Feel free to send me email or come to ask questions.
Please, no handwritten solutions. Be sure your name appears on the top of each page.
Please present your algorithms in both pseudocode and English. That is, give a precise formulation of
your algorithm as pseudocode and also explain in one or two concise paragraphs what your algorithm
does. Be aware that pseudocode is much simpler and more abstract than real code. Take a look at
the textbook pseudocode (e.g. Table 2.5 on page 33) to get an idea about the appropriate level of
abstraction.
The homework is due at 4:00 pm on the due date. Email BOTH your write-up and your code to
the TA. Please do NOT hand in a hard copy of your write-up. Please put <userid>CS446 hw3
submission” as the subject line of the email when you submit your homework to([email protected])
Introduction
In this problem set we will study the Named Entity Recognition (NER) problem using
Learning Based Java (LBJ). The goal of this problem set is to allow you to experience the
process of developing a classifier for a real world problem and appreciate the importance
of feature engineering as a significant component in the development process as well as a
crucial factor in the eventual performance of the classifier.

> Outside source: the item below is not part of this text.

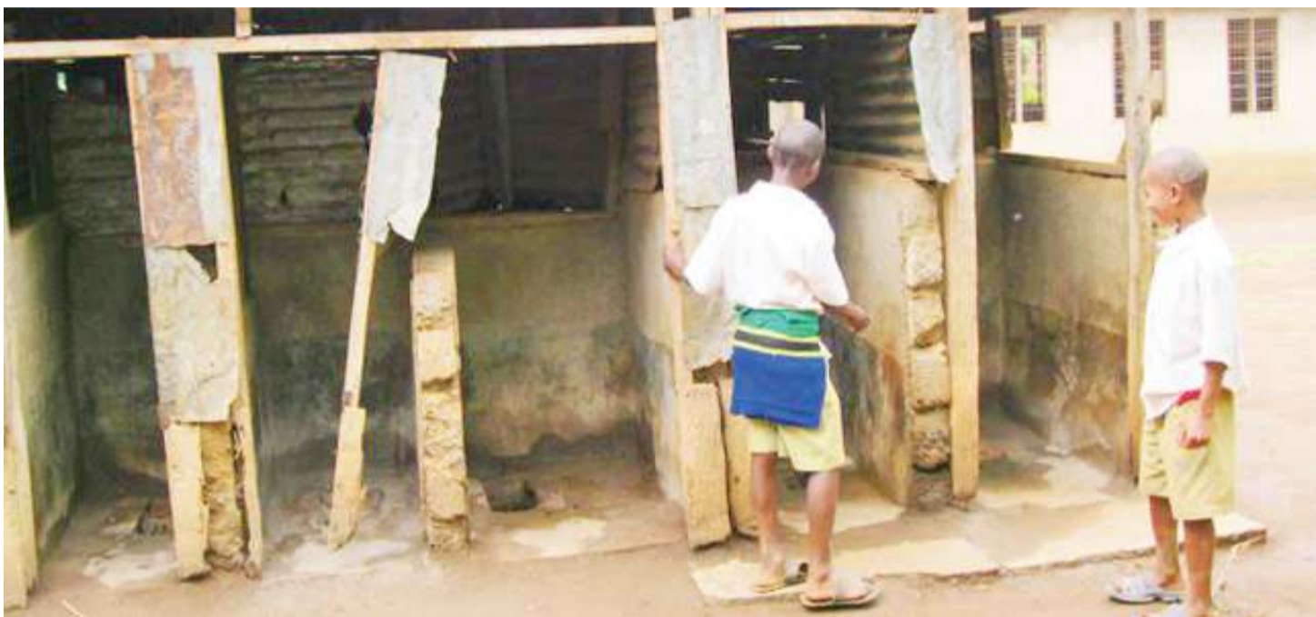
Vyoo vya umma vinavyoonekana ambavyo ni moja ya vyanzo vya kichocho. Picha ndogo; mgonjwa wa utapiamlo akipatiwa matibabu.

Training data, some Java sources, and a Makefile that will come in handy are provided on the
CS446 website. Javadoc for those sources will also be available there. The data is given in a
file containing tab delimited lines of text. Each line describes a single word, and sentences
are separated by newlines. For this problem set, we will only be interested in the information
in the first and sixth fields of each line. You can get the data from:
http://l2r.cs.uiuc.edu/danr/Teaching/CS446-08/Hw/hw3/Reuters2003.tgz
Named Entity Recognition
The NER problem is the problem of identifying which phrases in natural language text refer
to named entities. Named entities can be identified at various levels of coarseness. In this
problem set, we will label each entity as either a person, a location, an organization, or
miscellaneous. For example:
[PER Bob Denver]went to [LOC Denver ]for a meeting of the [ORG Denver
Musicians Association].
Annotated data for this task is typically presented with separate annotations for each word.
Thus, a tag (such as PER) is split into B-tag and I-tag to indicate the first word (or beginning)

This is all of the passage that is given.